Supplied material.
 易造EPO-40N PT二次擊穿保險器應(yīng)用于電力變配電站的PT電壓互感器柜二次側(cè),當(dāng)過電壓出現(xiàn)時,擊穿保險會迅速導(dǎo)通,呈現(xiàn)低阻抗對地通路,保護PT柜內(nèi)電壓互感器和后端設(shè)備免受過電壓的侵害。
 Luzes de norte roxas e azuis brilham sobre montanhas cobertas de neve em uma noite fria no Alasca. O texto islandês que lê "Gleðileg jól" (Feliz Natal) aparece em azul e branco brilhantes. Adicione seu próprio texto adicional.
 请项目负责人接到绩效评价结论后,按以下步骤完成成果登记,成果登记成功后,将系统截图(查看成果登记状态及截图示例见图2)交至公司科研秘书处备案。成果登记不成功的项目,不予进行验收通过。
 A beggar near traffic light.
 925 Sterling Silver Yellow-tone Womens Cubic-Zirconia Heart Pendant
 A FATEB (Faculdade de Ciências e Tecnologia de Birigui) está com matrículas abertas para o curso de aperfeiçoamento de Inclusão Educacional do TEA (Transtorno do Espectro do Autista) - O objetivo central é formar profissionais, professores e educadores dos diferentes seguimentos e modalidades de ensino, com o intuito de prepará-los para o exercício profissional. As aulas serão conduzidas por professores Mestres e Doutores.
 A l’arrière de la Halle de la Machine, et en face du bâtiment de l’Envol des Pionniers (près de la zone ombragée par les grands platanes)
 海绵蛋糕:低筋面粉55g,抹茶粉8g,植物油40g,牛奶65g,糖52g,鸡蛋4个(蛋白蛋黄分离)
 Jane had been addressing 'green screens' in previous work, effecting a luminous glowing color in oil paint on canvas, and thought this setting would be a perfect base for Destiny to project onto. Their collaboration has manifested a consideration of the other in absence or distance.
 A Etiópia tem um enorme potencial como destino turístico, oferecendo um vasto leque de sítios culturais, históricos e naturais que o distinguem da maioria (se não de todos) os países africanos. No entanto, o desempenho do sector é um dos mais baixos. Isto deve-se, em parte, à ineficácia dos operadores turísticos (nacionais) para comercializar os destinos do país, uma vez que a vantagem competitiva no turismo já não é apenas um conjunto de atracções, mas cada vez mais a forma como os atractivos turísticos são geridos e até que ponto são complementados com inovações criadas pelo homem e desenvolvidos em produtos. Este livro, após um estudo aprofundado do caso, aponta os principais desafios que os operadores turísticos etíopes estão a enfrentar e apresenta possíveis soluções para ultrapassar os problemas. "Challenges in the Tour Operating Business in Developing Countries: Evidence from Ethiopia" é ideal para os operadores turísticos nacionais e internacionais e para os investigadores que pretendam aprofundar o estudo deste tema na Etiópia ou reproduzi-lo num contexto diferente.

To do. A faithful, complete copy of the entries above is required.

Final answer.
 易造EPO-40N PT二次擊穿保險器應(yīng)用于電力變配電站的PT電壓互感器柜二次側(cè),當(dāng)過電壓出現(xiàn)時,擊穿保險會迅速導(dǎo)通,呈現(xiàn)低阻抗對地通路,保護PT柜內(nèi)電壓互感器和后端設(shè)備免受過電壓的侵害。
 Luzes de norte roxas e azuis brilham sobre montanhas cobertas de neve em uma noite fria no Alasca. O texto islandês que lê "Gleðileg jól" (Feliz Natal) aparece em azul e branco brilhantes. Adicione seu próprio texto adicional.
 请项目负责人接到绩效评价结论后,按以下步骤完成成果登记,成果登记成功后,将系统截图(查看成果登记状态及截图示例见图2)交至公司科研秘书处备案。成果登记不成功的项目,不予进行验收通过。
 A beggar near traffic light.
 925 Sterling Silver Yellow-tone Womens Cubic-Zirconia Heart Pendant
 A FATEB (Faculdade de Ciências e Tecnologia de Birigui) está com matrículas abertas para o curso de aperfeiçoamento de Inclusão Educacional do TEA (Transtorno do Espectro do Autista) - O objetivo central é formar profissionais, professores e educadores dos diferentes seguimentos e modalidades de ensino, com o intuito de prepará-los para o exercício profissional. As aulas serão conduzidas por professores Mestres e Doutores.
 A l’arrière de la Halle de la Machine, et en face du bâtiment de l’Envol des Pionniers (près de la zone ombragée par les grands platanes)
 海绵蛋糕:低筋面粉55g,抹茶粉8g,植物油40g,牛奶65g,糖52g,鸡蛋4个(蛋白蛋黄分离)
 Jane had been addressing 'green screens' in previous work, effecting a luminous glowing color in oil paint on canvas, and thought this setting would be a perfect base for Destiny to project onto. Their collaboration has manifested a consideration of the other in absence or distance.
 A Etiópia tem um enorme potencial como destino turístico, oferecendo um vasto leque de sítios culturais, históricos e naturais que o distinguem da maioria (se não de todos) os países africanos. No entanto, o desempenho do sector é um dos mais baixos. Isto deve-se, em parte, à ineficácia dos operadores turísticos (nacionais) para comercializar os destinos do país, uma vez que a vantagem competitiva no turismo já não é apenas um conjunto de atracções, mas cada vez mais a forma como os atractivos turísticos são geridos e até que ponto são complementados com inovações criadas pelo homem e desenvolvidos em produtos. Este livro, após um estudo aprofundado do caso, aponta os principais desafios que os operadores turísticos etíopes estão a enfrentar e apresenta possíveis soluções para ultrapassar os problemas. "Challenges in the Tour Operating Business in Developing Countries: Evidence from Ethiopia" é ideal para os operadores turísticos nacionais e internacionais e para os investigadores que pretendam aprofundar o estudo deste tema na Etiópia ou reproduzi-lo num contexto diferente.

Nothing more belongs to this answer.